Low-field microwave absorption and magnetoresistance in iron nanostructures grown by electrodeposition on n-type lightly-doped silicon substrates

TL;DR

This paper explores the magnetic properties and spin dynamics of iron nanostructures electrodeposited on silicon, demonstrating potential for contactless spin injection and detection using magnetic resonance techniques.

Contribution

It introduces magnetic resonance as a novel, contactless method to analyze spin injection and magnetoresistance in Fe/Si nanostructures, advancing spintronic research.

Findings

Observation of hysteresis in magnetic resonance spectra

Detection of broad peak indicating low field microwave absorption

Correlation between magnetic resonance and magnetoresistance features

Abstract

In this study we investigate magnetic properties, surface morphology and crystal structure in iron nanoclusters electrodeposited on lightly-doped (100) n-type silicon substrates.
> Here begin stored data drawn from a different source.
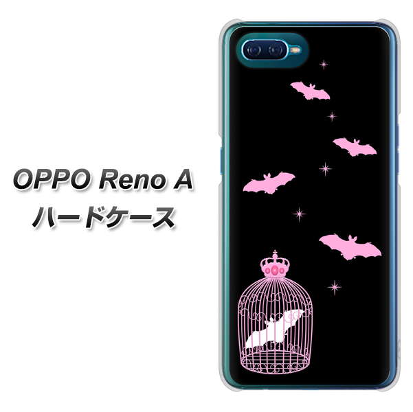 OPPO Reno A 高画質仕上げ 背面印刷 ハードケース【AG809 こうもりの王冠鳥かご(黒×ピンク)】
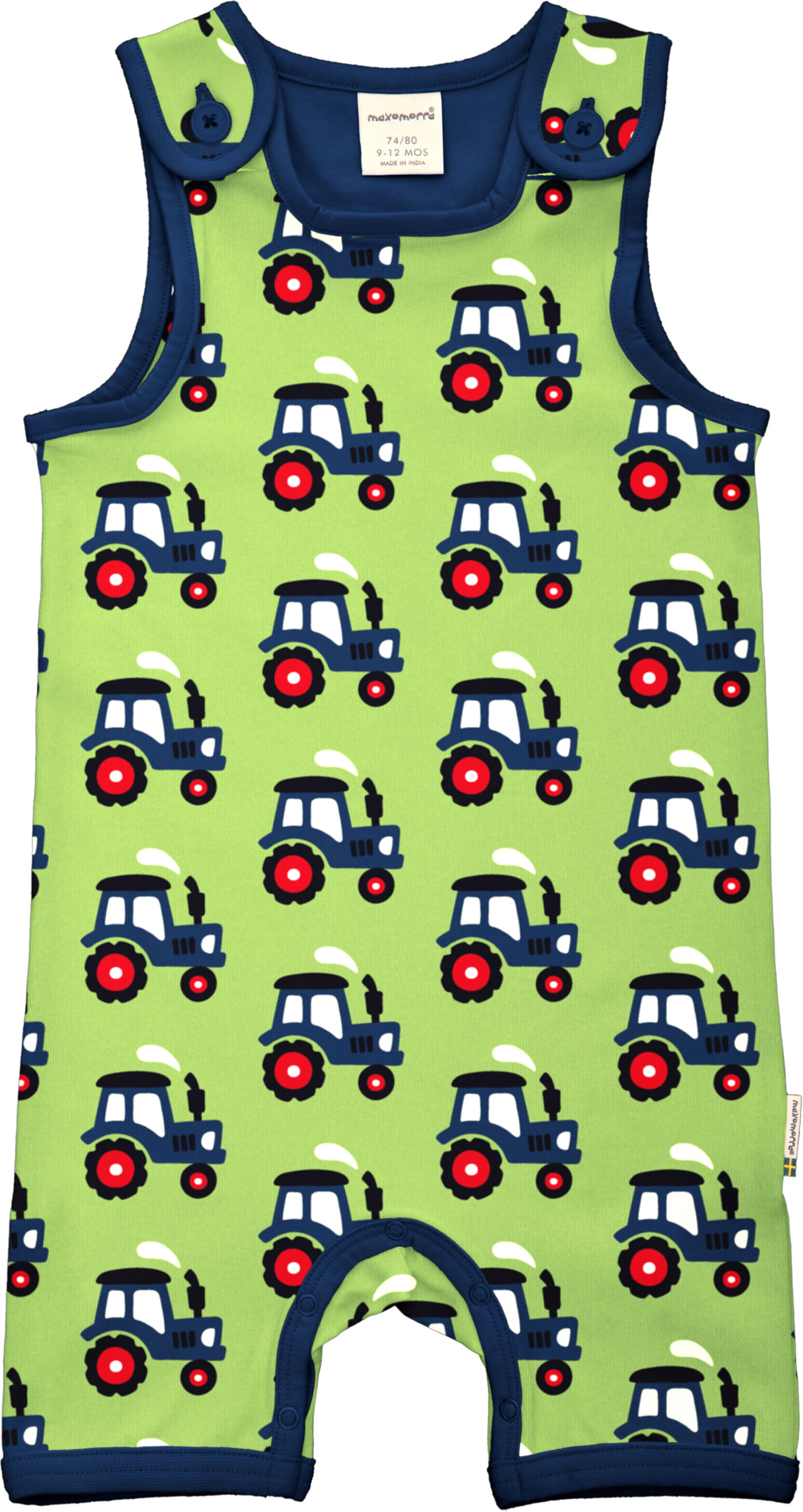 Maxomorra Strampler Spieler kurz TRACTOR grün/blau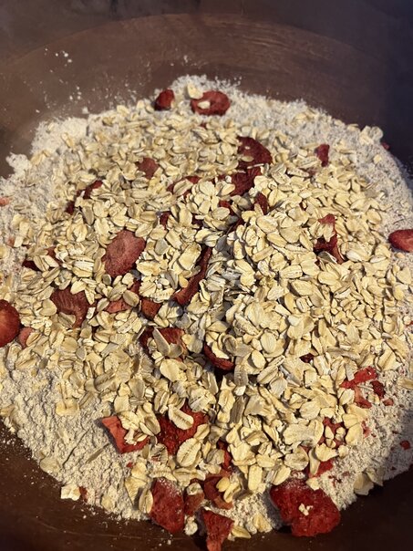 This was a concoction that I had the idea for. While it's difficult to put fresh berries inside of sourdough (given the additional water content and the 500 degree oven involved), it occurred to me that I could probably get freeze-dried fruits and berries, mix them into the dough, and then the steam and heat would rehydrate them to make them seem fresh.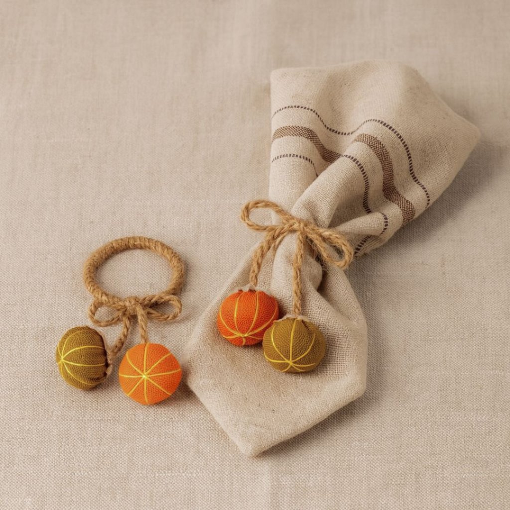 - Kroužky jsou ručně vyrobené z pevného provázku a zdobené měkoučkými látkovými dýněmi, které působí jemně a přitom originálně. Ideální pro podzimní večeře, sváteční tabuli nebo jen tak – když chcete svému stolování dodat šmrnc. 🍂🎃

Our goal is to investigate the spin injection and detection in the Fe/Si lateral structures. The samples obtained under electric percolation were characterized by magnetoresistive and magnetic resonance measurements with cycling the sweeping applied field in order to understand the spin dynamics in the as-produced samples. The observed hysteresis in the magnetic resonance spectra, plus the presence of a broad peak in the non-saturated regime confirming the low field microwave absorption (LFMA), were correlated to the peaks and slopes found in the magnetoresistance curves. The results suggest long range spin injection and detection in low resistive silicon and the magnetic resonance technique is herein introduced as a promising tool for analysis of electric contactless magnetoresistive samples.